Of course nobody should be so naive as to believe that every public-sector worker - let alone those in the private sector - is prepared to strike unselfishly, for the collective good rather than to defend their own pension terms.

But it is also true that the huge demonstrations and strikes of March 26, June 30 and November 30 have built confidence, solidarity and militancy.

To break that developing unity now would be calamitous, not only for pensions and public services. It would divide and demoralise many workers and the labour movement as a whole.

It is sheer delusion to imagine that one or two major pension schemes can be removed from the fight and escorted to safety.

Splitting the united front will worsen the prospects for defending the other schemes - and guarantee that any temporarily "exempted" ones will be even more savagely attacked further down the line.

"First they came for the Civil Service scheme, but I was not a civil servant so I did nothing. Then they came for the teachers' scheme, but I was not a teacher... etc."

Finally, the government will come for the health or local government scheme, and there will be nobody left to act in solidarity."

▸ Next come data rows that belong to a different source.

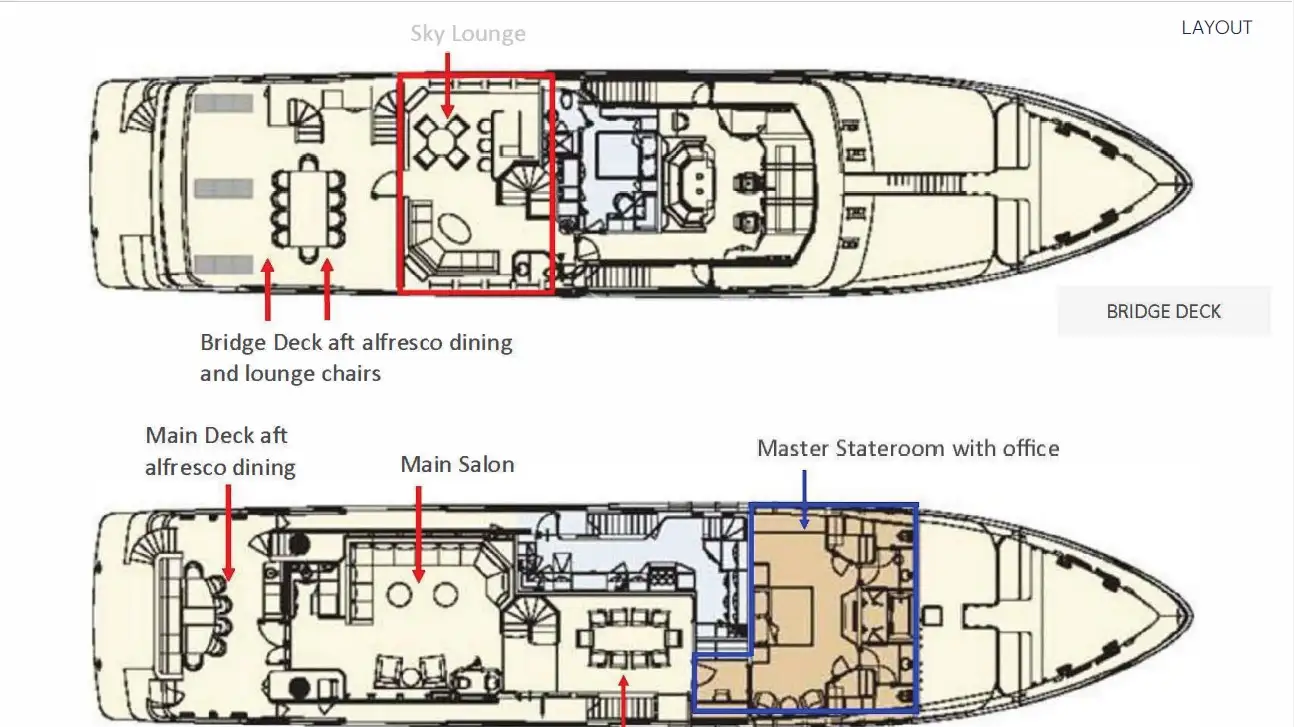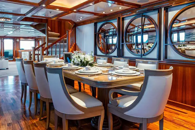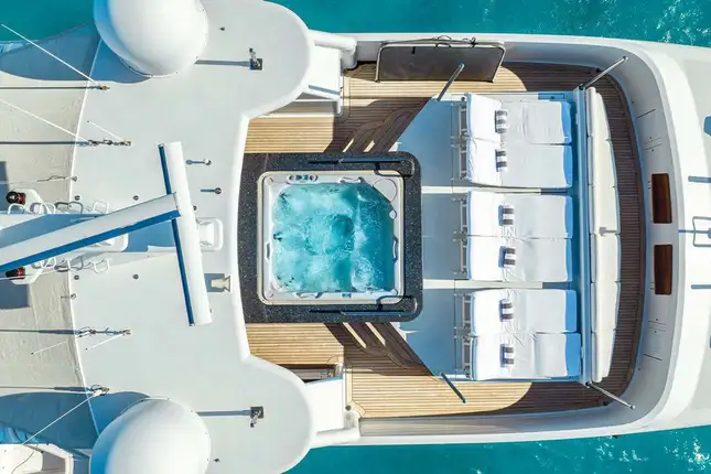 Exceptionally large for her length, this sleek 125-foot, tri-deck yacht offers the volume and space of a 150-footer. Among the abundance of indoor and outdoor spaces is the sun deck, with a spa pool, bar, and wicker settees. Also on this deck are over sized lounge chairs that adjust to face the sun or shade and can convert to sun pads. One level down, on the boat deck, there’s a large table for dining under the stars. Meals are also served on the main deck, either in the formal dining salon or in the soft breeze on the aft deck.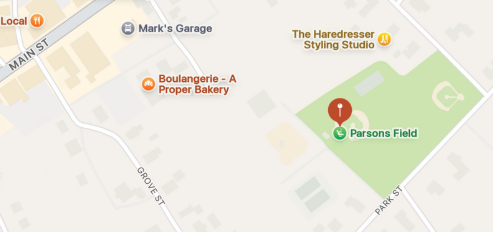 We are located at the back of Parsons Field. Look for the gray building behind the playground.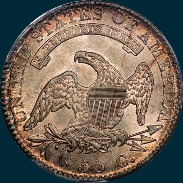 O-104: Reverse- 50C is 2 1/4 mm. with well formed figures and 5 canted sharply to right. Arrow to A is slightly over 1/2 mm.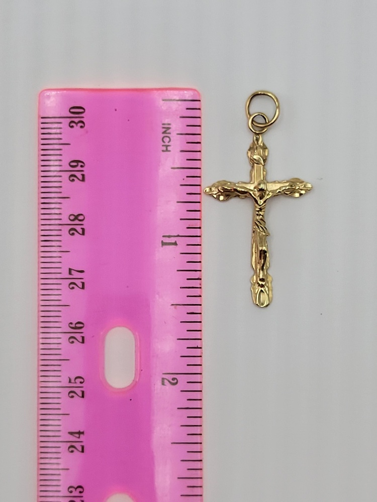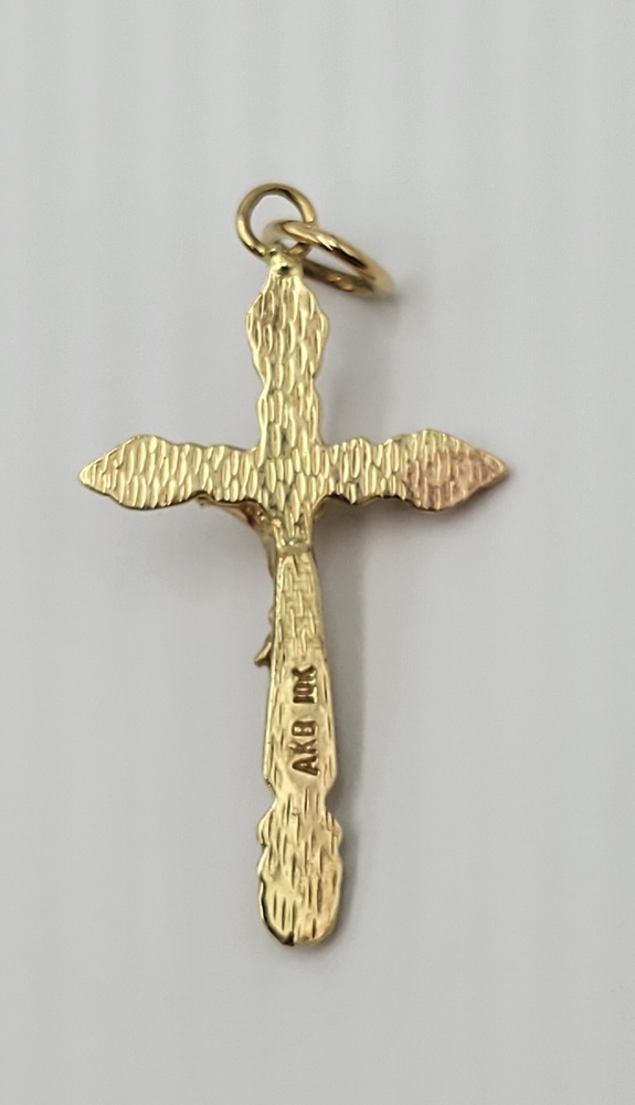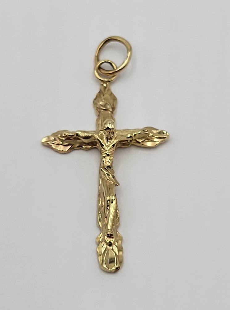 Adorn your faith beautifully with this 10kyg crucifix pendant. It showcases intricate detailing, an enchanting gleam, and is delicately crafted in 10K yellow gold. An embodiment of spirituality and elegance, it is a cherished emblem of divine protection. A timeless investiture of style and devotion.

The extent of the "delusion" criticised by Griffiths is made clear by the fact that, whilst UNITE were deciding their position democratically, negotiators for UNISON and GMB were in talks about the Local Government Pension Scheme (LGPS) (http://m.lgcplus.com/5039996.article). This before any of UNISON's SGEs had expressed a view!

I fear that our LGPS negotiators are so dazzled by their achievement in putting off contribution increases until 2014 (the credit for which they share with the employers' side negotiators) that they now want to press ahead, trusting to their undoubted skill and understanding of the detail, but ignoring the wider context in which a local government workforce, isolated from the rest of the movement, could be picked off at their leisure by the Government.

For local government workers it's as if, having confronted a burglar about to steal our possessions, we have come to an agreement with him that, if he leaves us most of our stuff now, we'll go out and leave the front door unlocked in 2014, and will spend the coming months helping him prepare an inventory. (And, since we are conceding to the Government on the pension age, and abandoning indexation as a bargaining objective, it's also as if we've given the burglar some valuables "on account" as a token of good faith!)

Of course, for health workers, the burglar's visit is delayed only by one year - and then only for half the workforce.

Today we'll find out if the elected lay representatives of UNISON members are prepared to endorse the approach which the Government are hoping for.